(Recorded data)
______________________________

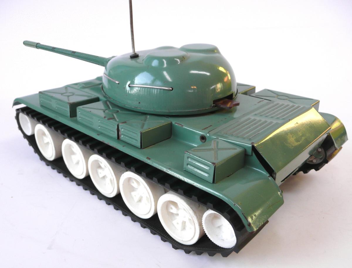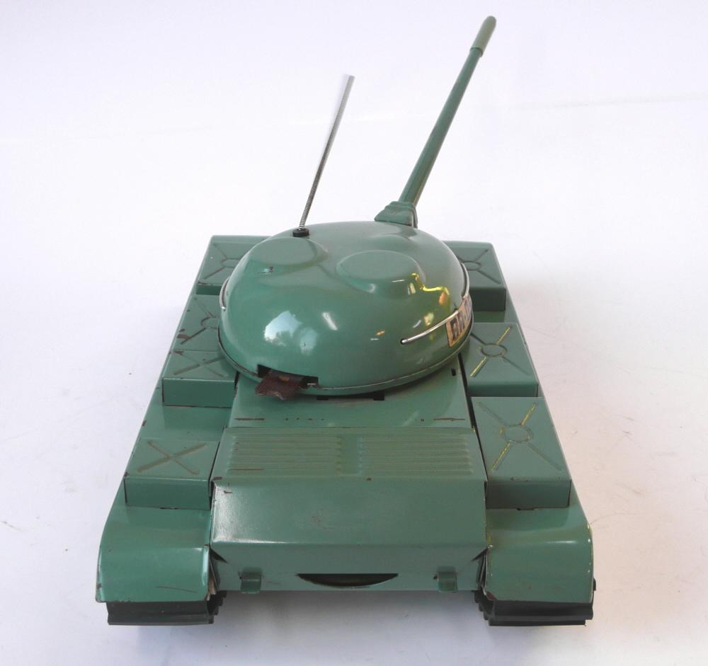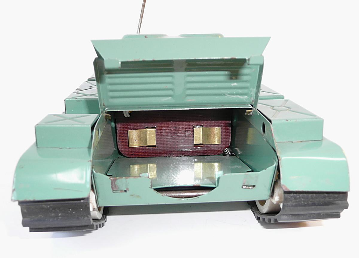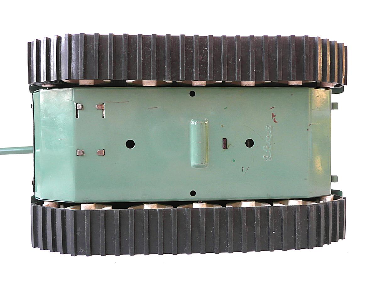 Pohon elektromotorkem, ovládání jízdy vpřed-stop-vzad pomocí přepínače v zadní části věže (toto řešení jen u plechové verze, plastové verze měly přepínání pomocí tyčky procházející podvozkem). Směr jízd se dal ovládat natočením věže do určeného směru, čímž došlo k vysunutí svislého trnu z podvozku, kolem kterého se tank pootočil - pás na straně zatáčení se pohyboval ve vzduchu). Vyráběla se i verze z plastu se stejným řešením pohonu, později i ženijní verze s radlicí.
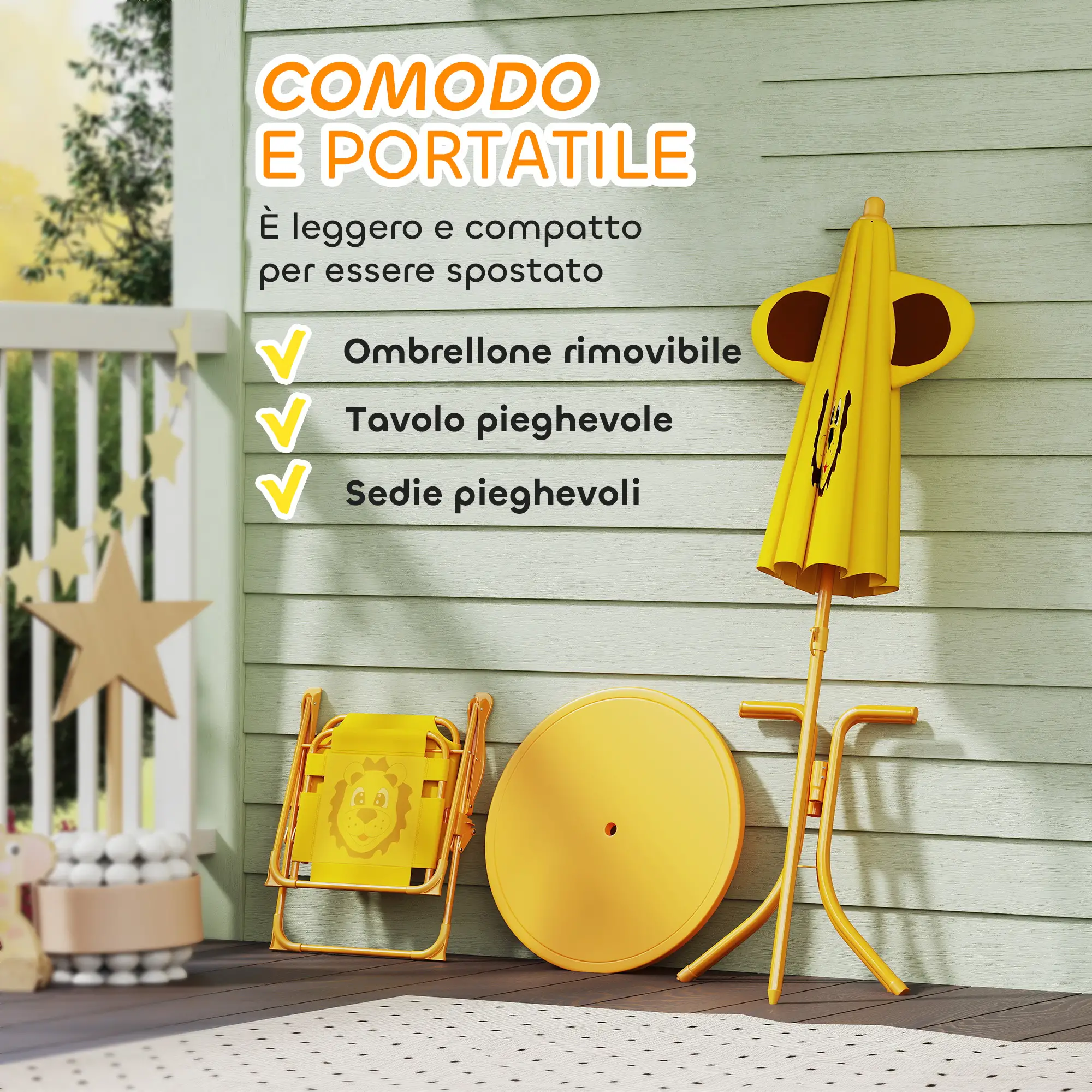 Rendi il tuo spazio esterno un centro di vivaci attività con il set da giardino per bambini . Con una divertente grafica con leoni, il set comprende due sedie pieghevoli per bambini, un tavolo rotondo e un ombrellone regolabile, perfetto per creare uno spazio confortevole all'aperto. Comodo da trasportare e riporre, è ideale per bambini di 2-5 anni per giocare al sole in tutta sicurezza.
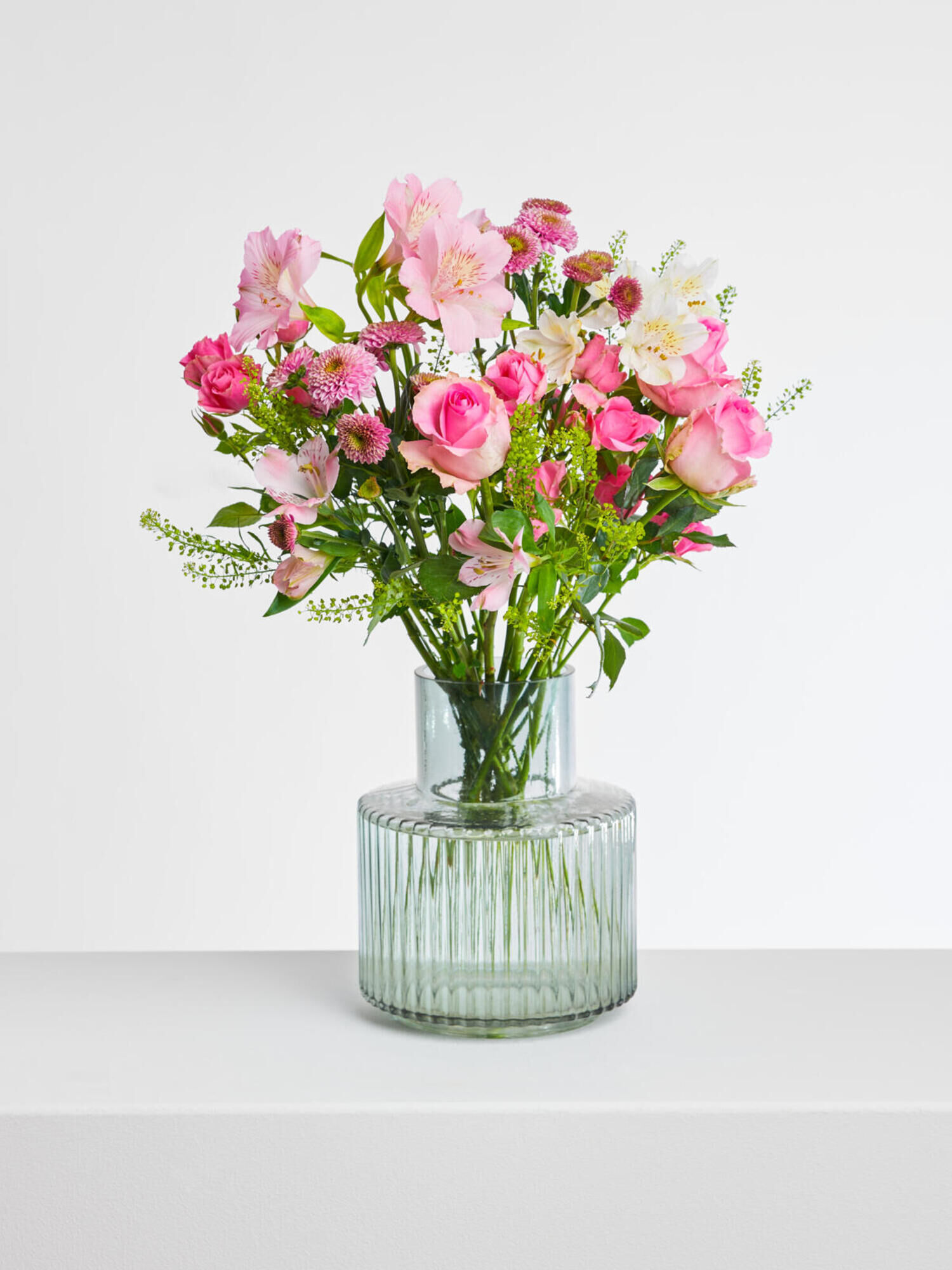 Ausgewählte Schnittblumen, bestehend aus pinken Fairtrade-Rosen, Santini, Lipidium und Alstromerien, die Sie in der eigenen Vase nach Belieben selbst arrangieren können. Stilecht verpackt im Fleurop-Karton.
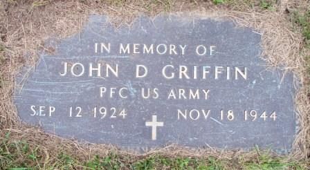 Pfc John D. Griffin enlisted in Allentown, Pennsylvania, on 24 February 1943.He attended high school for 4 years and was a mining-machine operator before he enlisted.
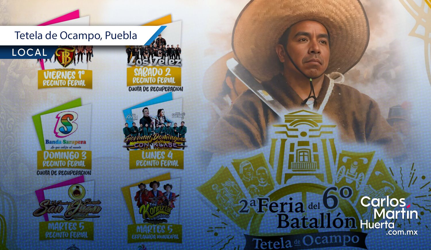 Tetela de Ocampo se prepara para la Segunda Feria del Sexto Batallón. El encuentro se llevará a cabo del 1 al 5 de mayo. La festividad busca rendir homenaje a los campesinos e indígenas que combatieron en la Batalla del 5 de mayo bajo el mando de Juan Nepomuceno Méndez.

______________________________

Only the lines from the first line of the entries through the line containing "Pfc John D." should be output, exactly as they are, without pictures.

* FINAL ANSWER *
 Pohon elektromotorkem, ovládání jízdy vpřed-stop-vzad pomocí přepínače v zadní části věže (toto řešení jen u plechové verze, plastové verze měly přepínání pomocí tyčky procházející podvozkem). Směr jízd se dal ovládat natočením věže do určeného směru, čímž došlo k vysunutí svislého trnu z podvozku, kolem kterého se tank pootočil - pás na straně zatáčení se pohyboval ve vzduchu). Vyráběla se i verze z plastu se stejným řešením pohonu, později i ženijní verze s radlicí.
 Rendi il tuo spazio esterno un centro di vivaci attività con il set da giardino per bambini . Con una divertente grafica con leoni, il set comprende due sedie pieghevoli per bambini, un tavolo rotondo e un ombrellone regolabile, perfetto per creare uno spazio confortevole all'aperto. Comodo da trasportare e riporre, è ideale per bambini di 2-5 anni per giocare al sole in tutta sicurezza.
 Ausgewählte Schnittblumen, bestehend aus pinken Fairtrade-Rosen, Santini, Lipidium und Alstromerien, die Sie in der eigenen Vase nach Belieben selbst arrangieren können. Stilecht verpackt im Fleurop-Karton.
 Pfc John D. Griffin enlisted in Allentown, Pennsylvania, on 24 February 1943.He attended high school for 4 years and was a mining-machine operator before he enlisted.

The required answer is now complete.